§ **Records drawn from a dataset**:

════════════════

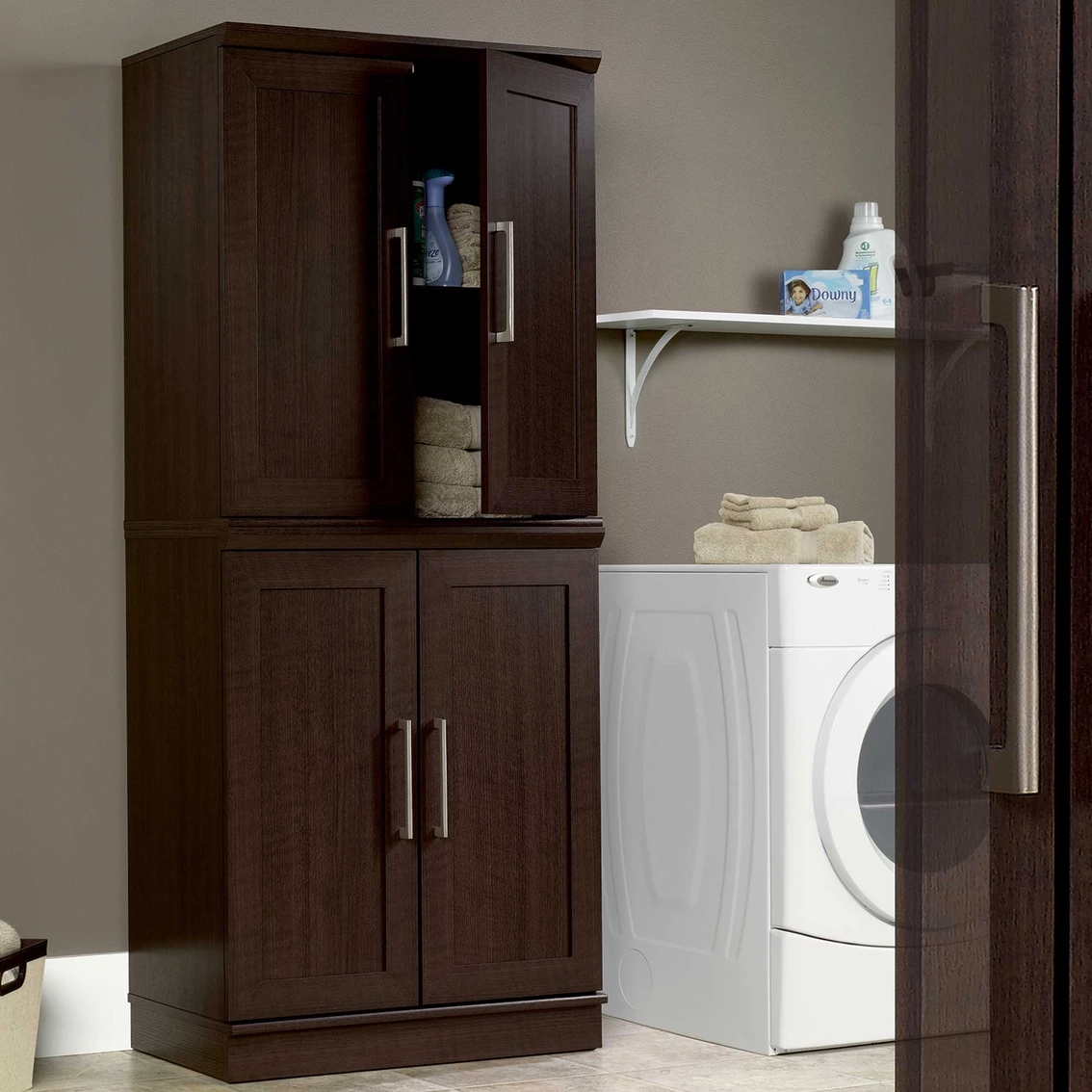 Conquer the clutter in style with this base cabinet from the Sauder HomePlus Collection. It can be stacked up to two high to create a custom storage solution. It features an adjustable shelf behind the framed panel door so you can store towels, dishes or boxes of your favorite cereal. Other features include adjustable base levelers and cord access on the back panel. Finished in a handsome Dakota Oak, this versatile cabinet will have you feeling organized in no time. Model: 411591.
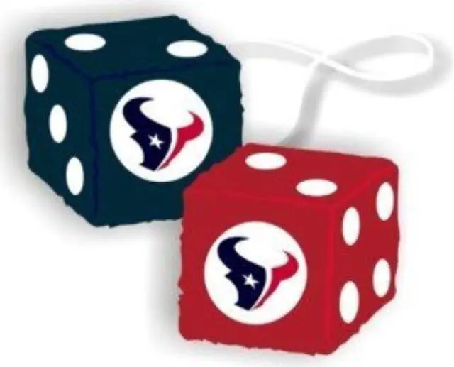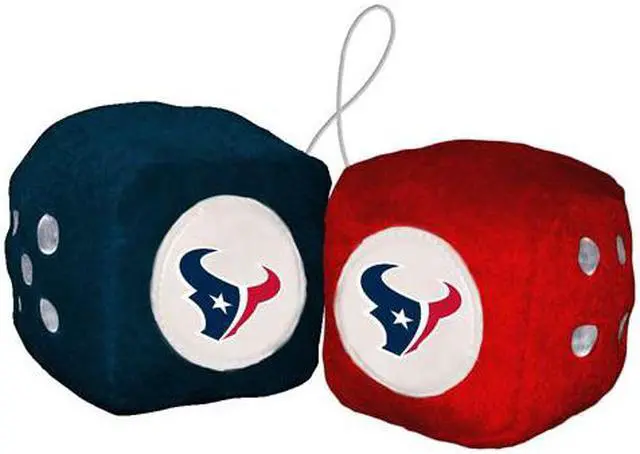 FREMONT DIE, Inc Houston Texans Fuzzy Dice. Brand New. . Display your team proudly with these officially licensed NFL Fuzzy Dice. The dice are 3 Inch x 3 Inch each made in team colors with sewn on logo. Comes with string attached for hanging.
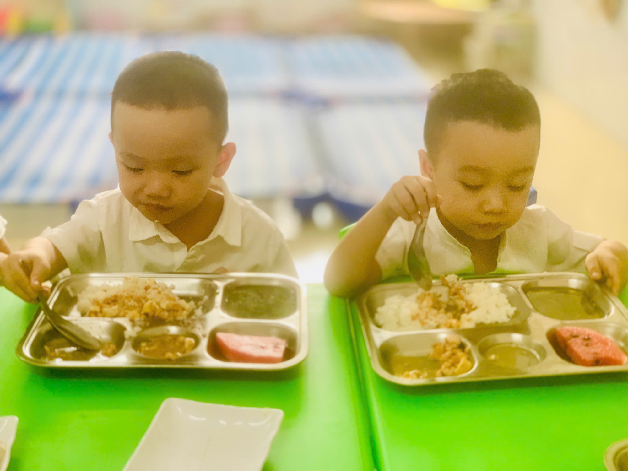 Sau một tuần triển khai, hình thức “khay cơm dinh dưỡng” bước đầu đã mang lại hiệu quả tích cực: trẻ ăn ngon miệng hơn, biết chủ động trong bữa ăn, tỷ lệ ăn hết suất tăng lên rõ rệt. Giáo viên và nhân viên bếp dễ dàng theo dõi khẩu phần của từng trẻ, đảm bảo cân đối dinh dưỡng và kiểm soát vệ sinh an toàn thực phẩm tốt hơn.
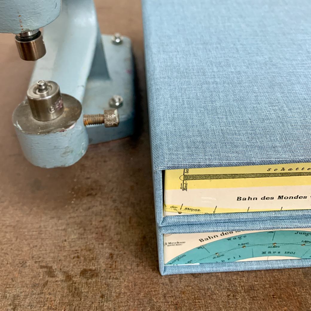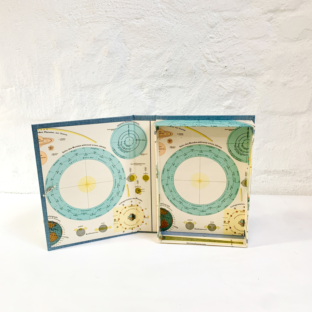 Ein Unikat aus Hamburg: Diese handgebaute Kiste aus einer sehr alten Karte zeigt die Bahn des Mondes und das innere Planetensystem in zarten Staubpastellfarben – helles Jeansblau mit sanftem Gelb. Jede Kiste wird in sorgfältiger Handarbeit gefertigt und ist bewusst analog und unperfekt, mit feinem, haptisch weichem Papier – ein echtes Highlight der Papeterie.
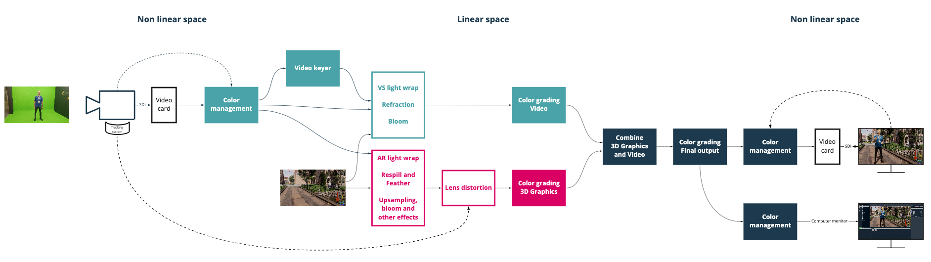All rendering and internal compositing is done inside Pixotope's customized render pipeline of the Unreal Engine. We have optimized the render pipeline to allow for very efficient single-pass rendering that does not compromise the quality of the video.
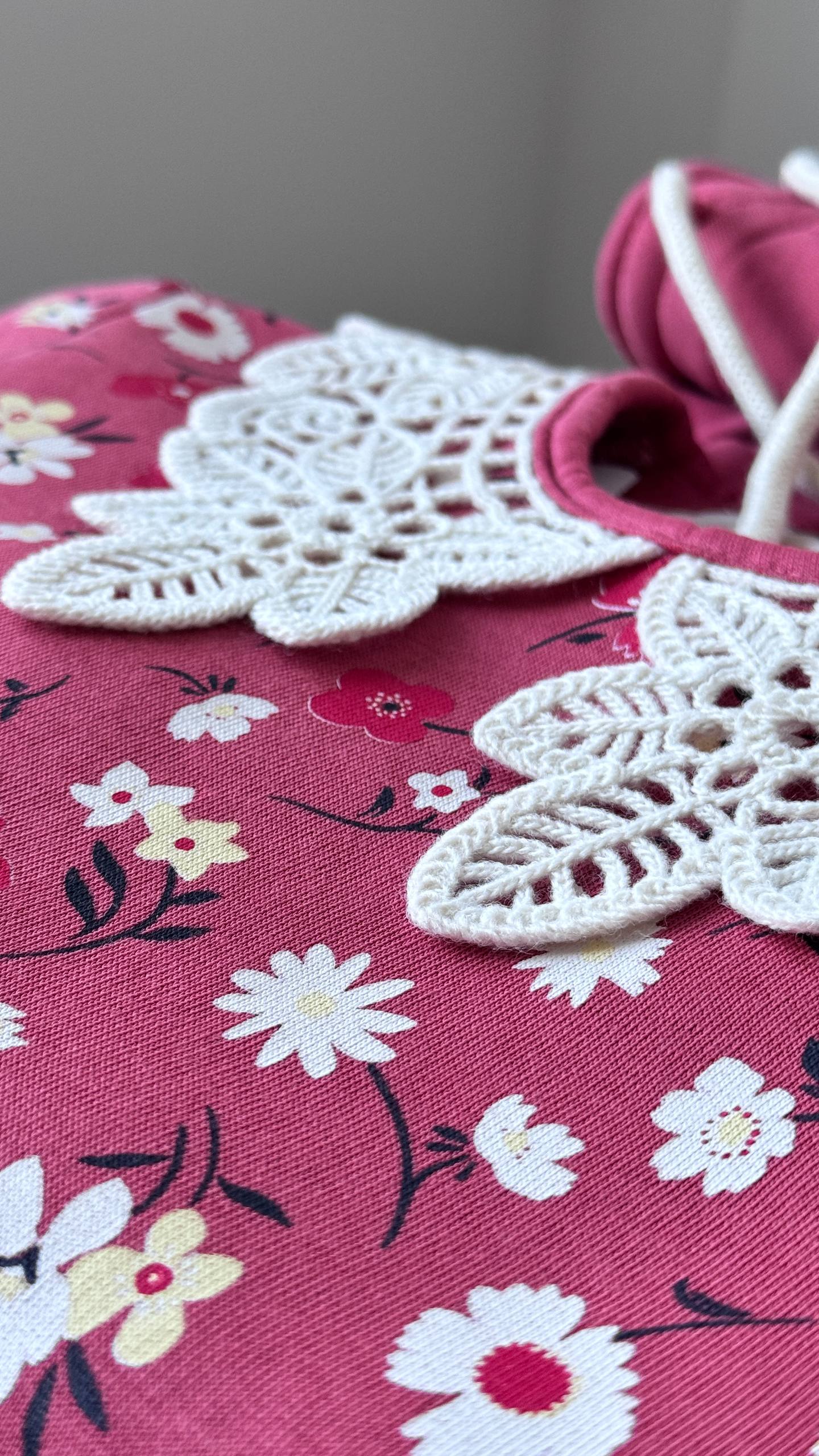 Peysa með blúndukraga og blómaprentun að framan.
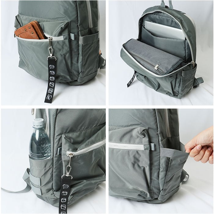 ・内側や外側には荷物を分けて収納できるポケットを多数配置。
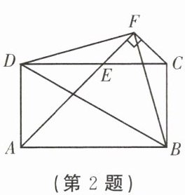 2. 如图,在矩形 $ABCD$ 中,$AB>AD$,$\angle DAB$ 的平分线与 $CD$ 交于点 $E$,过点 $C$ 作 $CF\perp AE$ 于点 $F$,连接 $BF$,$DF$。有下列结论:① $DE = BC$;② $DF = BF$;③ $\angle CDF=\angle CBF$;④ $B$,$C$,$D$,$F$ 四点在同一个圆上。其中正确结论的个数为( )
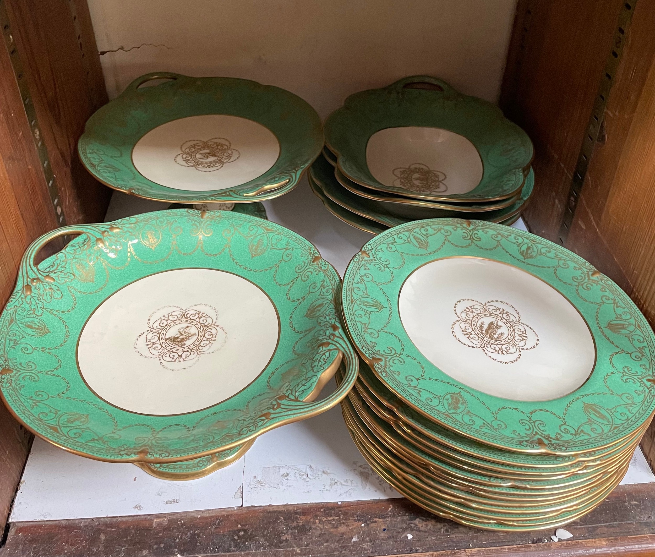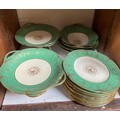 A collection of 18 pieces of Wedgwood W1505 pattern wares including plates, dishes and two comports, each decorated with gilt harp players and scrolling designs to a cream and green ground (SECTION 24)
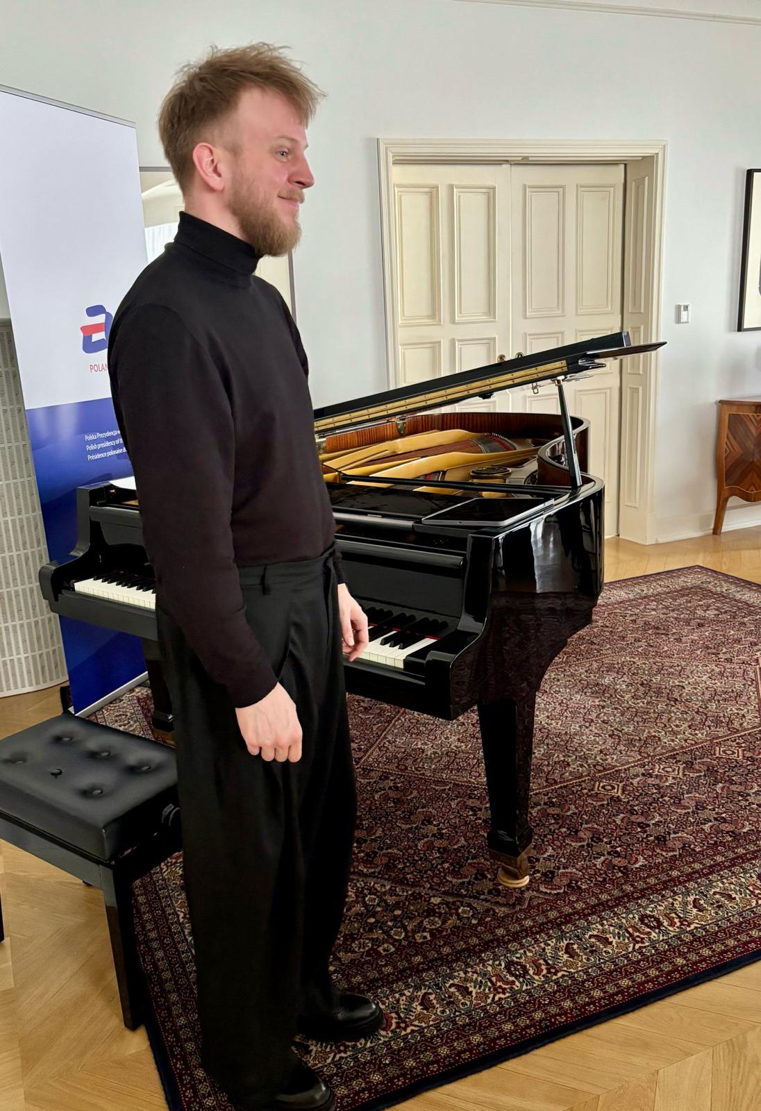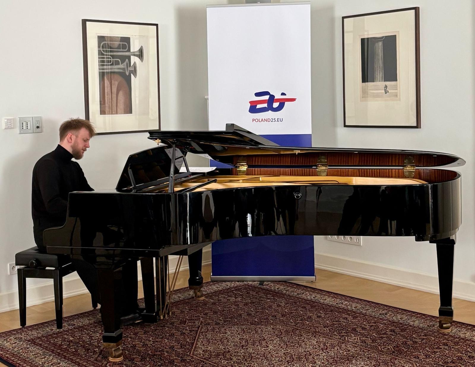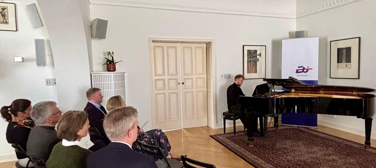 A piano concert dedicated to the works of Polish composers Fryderyk Chopin, Wojciech Kilar and Karol Szymanowski was held at the Residence of the Polish Ambassador in Stockholm as part of Polands Presidency of the EU Council. The performer was Tymoteusz Bies, a pianist, composer and music producer, laureate of numerous competitions including the prestigious International Fryderyk Chopin Piano Competition.
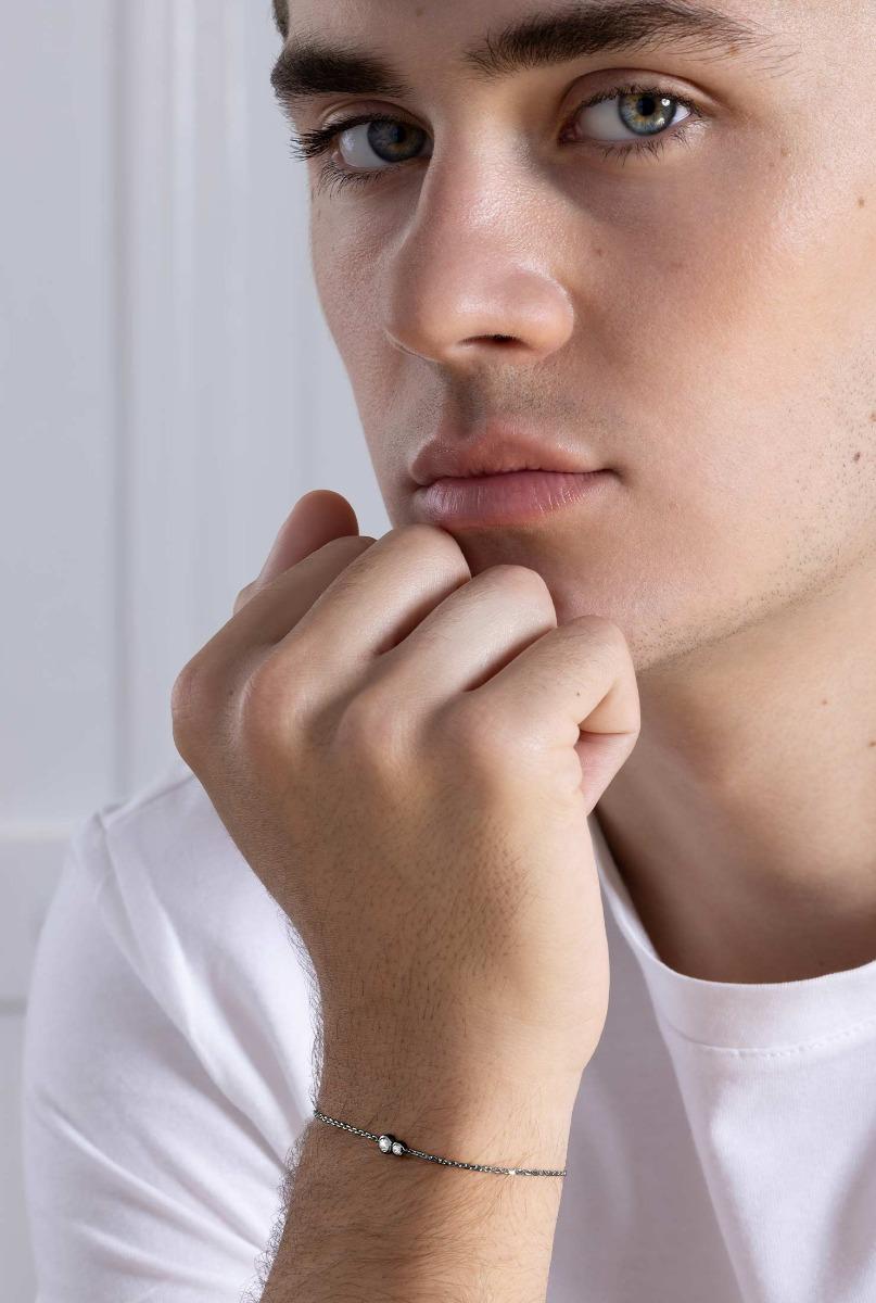 Infinite Bracelet homme chaîne avec diamant 0.15 carat en serti clos en or noir
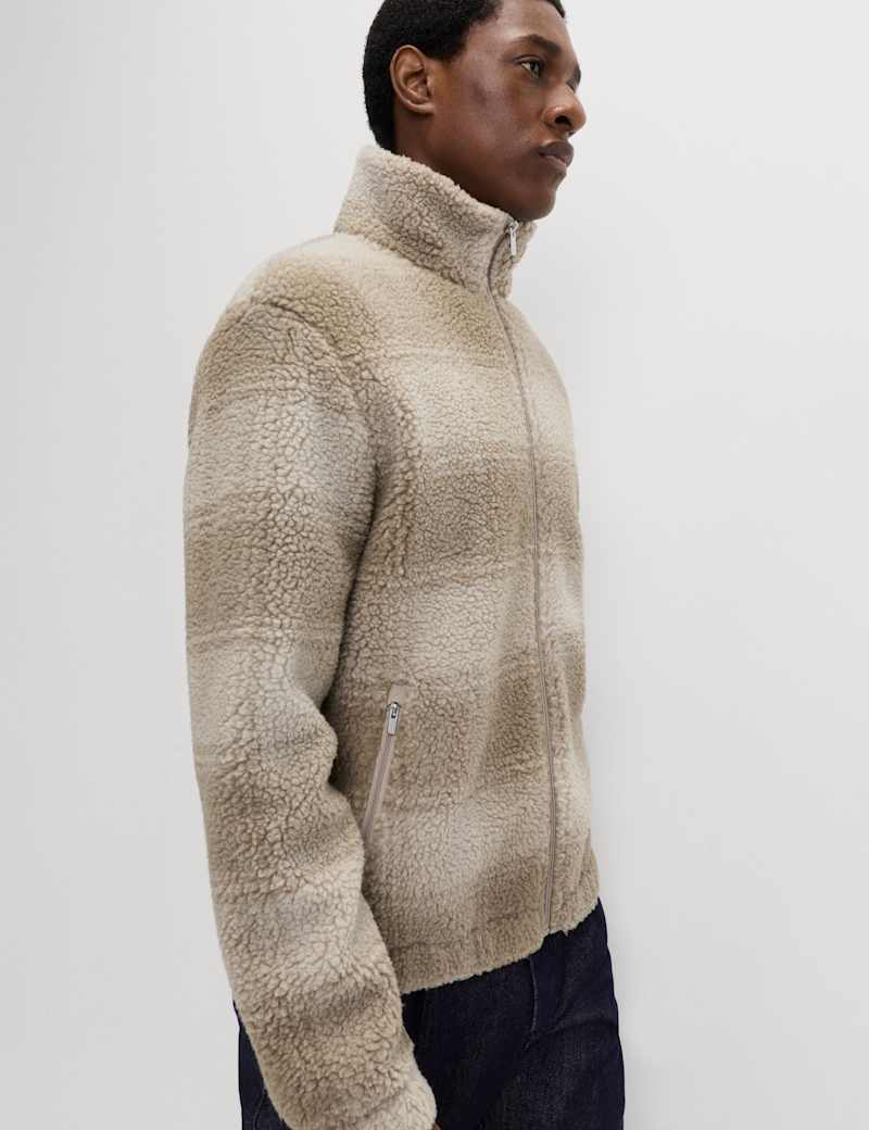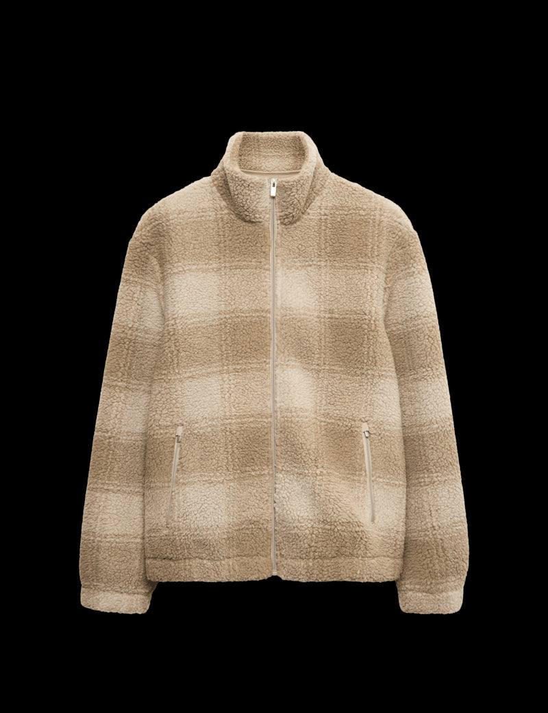 Fleece Jacquard Checked Zip Up Jacket

════════════════

§ **EXERCISE DESCRIPTION**:
Your task is to reproduce the entries above word for word, from the first line through the line with "Ein Unikat aus", and please leave out any pictures.

§ **OUTPUT**:
 Conquer the clutter in style with this base cabinet from the Sauder HomePlus Collection. It can be stacked up to two high to create a custom storage solution. It features an adjustable shelf behind the framed panel door so you can store towels, dishes or boxes of your favorite cereal. Other features include adjustable base levelers and cord access on the back panel. Finished in a handsome Dakota Oak, this versatile cabinet will have you feeling organized in no time. Model: 411591.
 FREMONT DIE, Inc Houston Texans Fuzzy Dice. Brand New. . Display your team proudly with these officially licensed NFL Fuzzy Dice. The dice are 3 Inch x 3 Inch each made in team colors with sewn on logo. Comes with string attached for hanging.
 Sau một tuần triển khai, hình thức “khay cơm dinh dưỡng” bước đầu đã mang lại hiệu quả tích cực: trẻ ăn ngon miệng hơn, biết chủ động trong bữa ăn, tỷ lệ ăn hết suất tăng lên rõ rệt. Giáo viên và nhân viên bếp dễ dàng theo dõi khẩu phần của từng trẻ, đảm bảo cân đối dinh dưỡng và kiểm soát vệ sinh an toàn thực phẩm tốt hơn.
 Ein Unikat aus Hamburg: Diese handgebaute Kiste aus einer sehr alten Karte zeigt die Bahn des Mondes und das innere Planetensystem in zarten Staubpastellfarben – helles Jeansblau mit sanftem Gelb. Jede Kiste wird in sorgfältiger Handarbeit gefertigt und ist bewusst analog und unperfekt, mit feinem, haptisch weichem Papier – ein echtes Highlight der Papeterie.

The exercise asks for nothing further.